Many new chipsets of the 200 series consist of more than just one Intel Z270. We decided to focus on it because it is the most equipped and the only one that supports overclocking the processor (both through changing the multipliers and the frequency of the base clock generator). However, besides this, the line of new chipsets includes a couple of simpler consumer chipsets - H270 and B250, as well as a couple of chipsets for the corporate environment - Q270 and Q250, which are distinguished by the presence of a set of Intel Standard Manageability functions for remote control and administration.
The most interesting for ordinary users The H270 and B250 differ from the Z270 not only in the lack of overclocking capabilities. They have reduced the number of PCI Express 3.0 lanes and USB 3.0 ports, and also reduced the number of M.2 interfaces that can be connected to the Intel RST driver. In addition, low-end chipsets do not allow dividing processor bus PCI Express on several slots.
A complete picture of the correspondence of the characteristics of the 200 series logic sets can be obtained from the following table.
⇡ Test processor: Core i7-7700K
For testing, we were provided with the senior representative of the Kaby Lake desktop line, Core i7-7700K.

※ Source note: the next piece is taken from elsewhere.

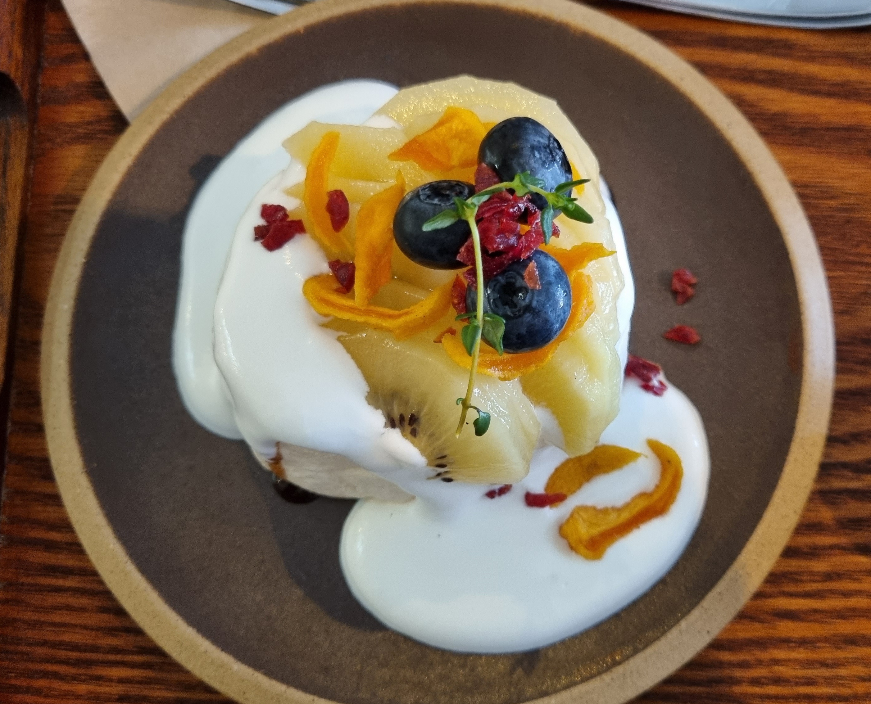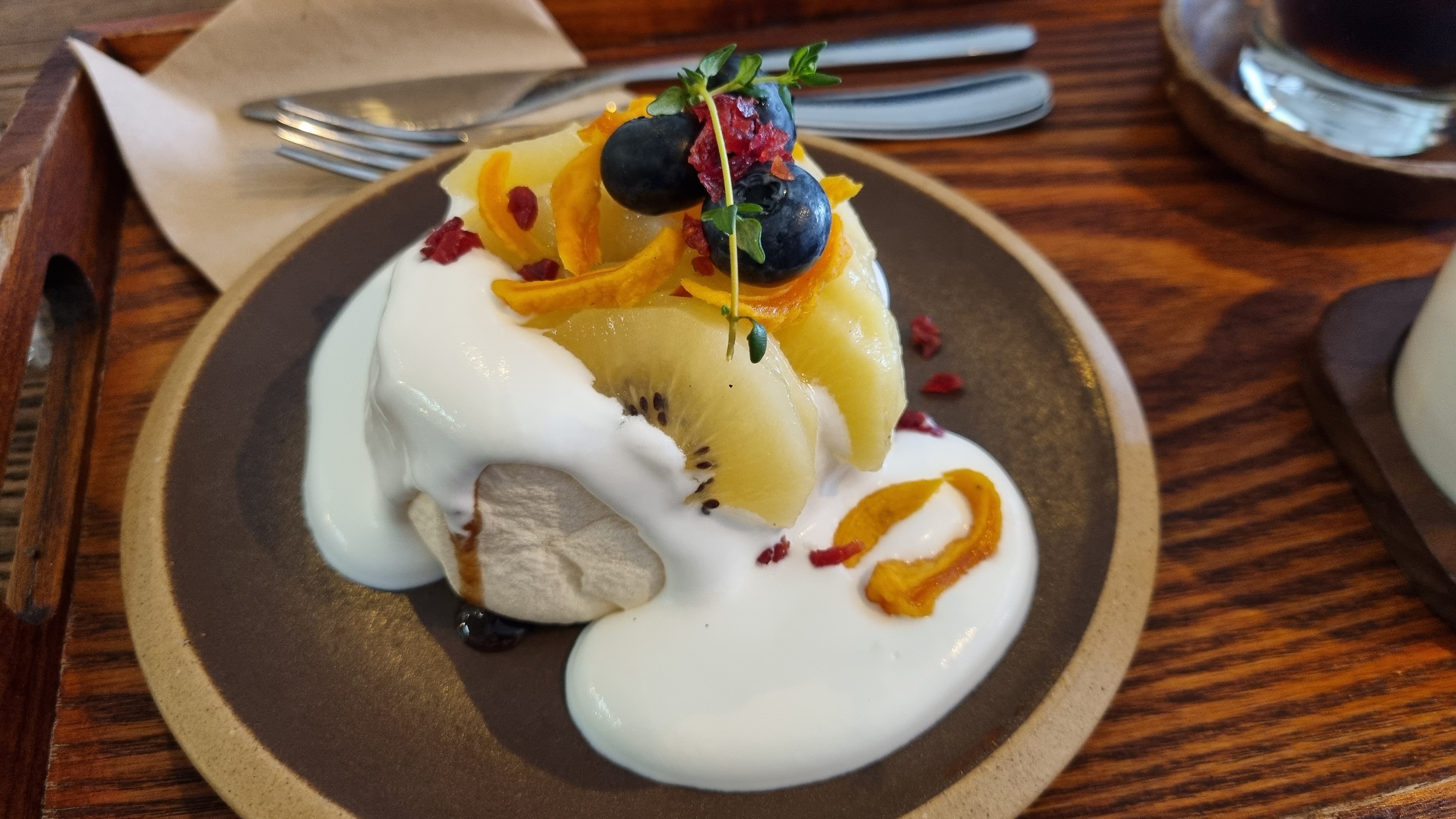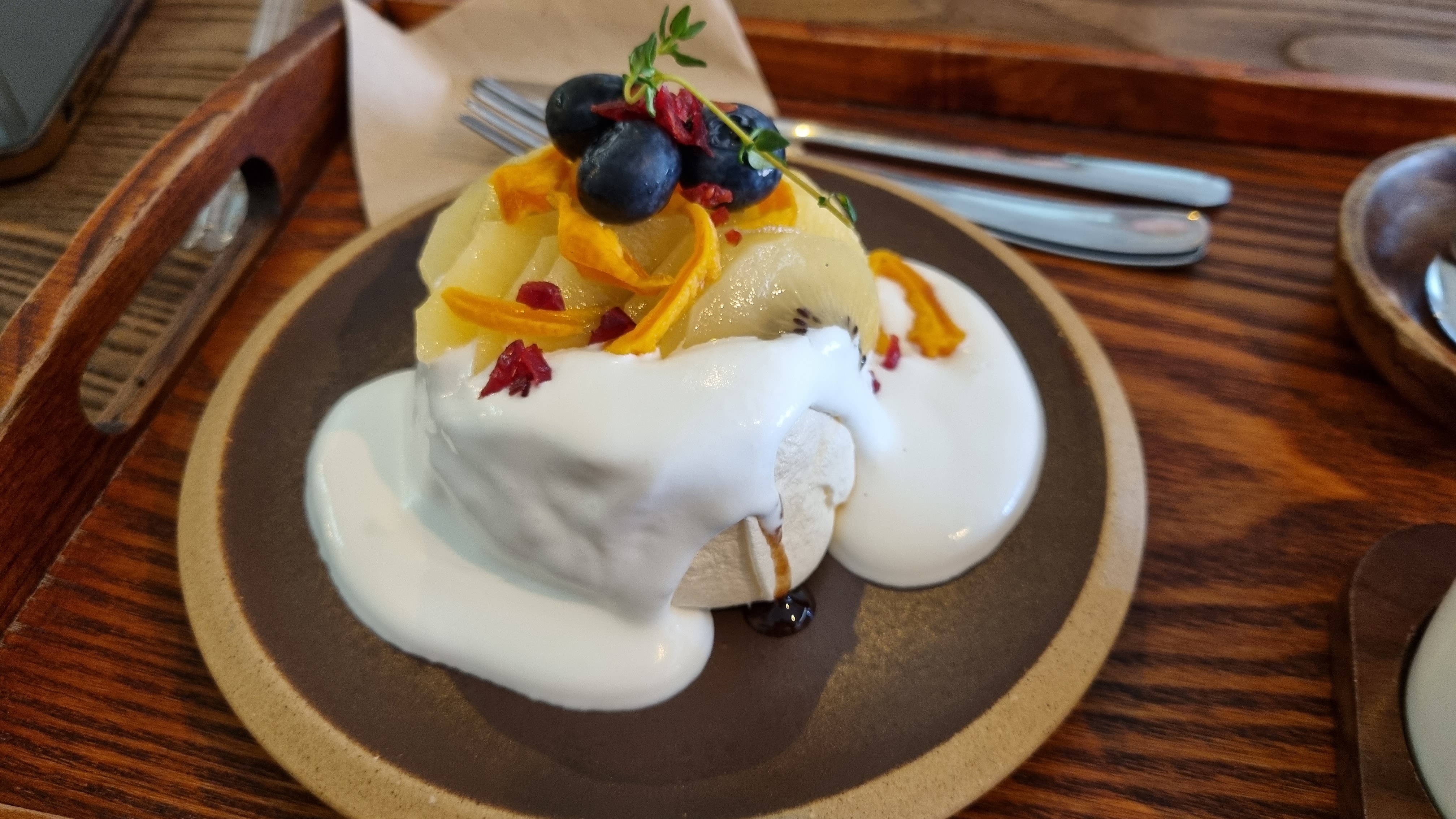 머랭케이크(?) 위에 생크림과 계절과일을 얹은 녀석.

This quad-core processor with support for Hyper-Threading technology and an 8-MB L3 cache has a nominal clock speed of 4.2 GHz. However, the test showed that in practical conditions Core frequency The i7-7700K is 4.4 GHz with an all-core load and 4.5 GHz with a low-threaded load. Thus, in terms of frequencies, the older Kaby Lake managed to overtake not only the old one, but also the old one, which until recently remained the highest-frequency Intel processor for desktop systems.
The operating voltage of our sample was 1.2 V: there are no significant differences from processors of previous generations.
When idle, the Kaby Lake frequency drops to 800 MHz, and, in addition to the usual Enhanced Intel SpeedStep technology, the processor supports more new technology Intel Speed Shift. It transfers frequency control from operating system the processor itself. Due to this, a significant improvement in response time to a changing load is achieved: the processor comes out of energy-saving states faster and, if necessary, turns on turbo mode faster. But there is a limitation: Speed Shift technology only works in Windows 10.
Left - Core i7-7700K (Kaby Lake), right - Core i7-6700K (Skylake)
Certain changes have also occurred with appearance CPU. True, they are more of a cosmetic nature. For example, Intel did not abandon the use of thin PCB, which appeared in Skylake, in Kaby Lake. But the shape of the heat distribution cover has changed. It has additional tides that increase the contact area with the cooler sole. However, this will most likely have little effect on the efficiency of heat removal. After all the main problem in the path of heat from the processor chip - the polymer thermal interface is not best quality, which is located under the processor cover. And in this regard, everything is as before: highly efficient solder remains the prerogative of flagship processors in LGA2011-v3 performance.
There are also changes on the processor side. However, Kaby Lake remains compatible with the LGA1151 socket, so there are very few differences compared to Skylake. The stabilizing circuit remained the same, so the set of hanging elements was preserved. A slight difference can only be noticed in their relative position.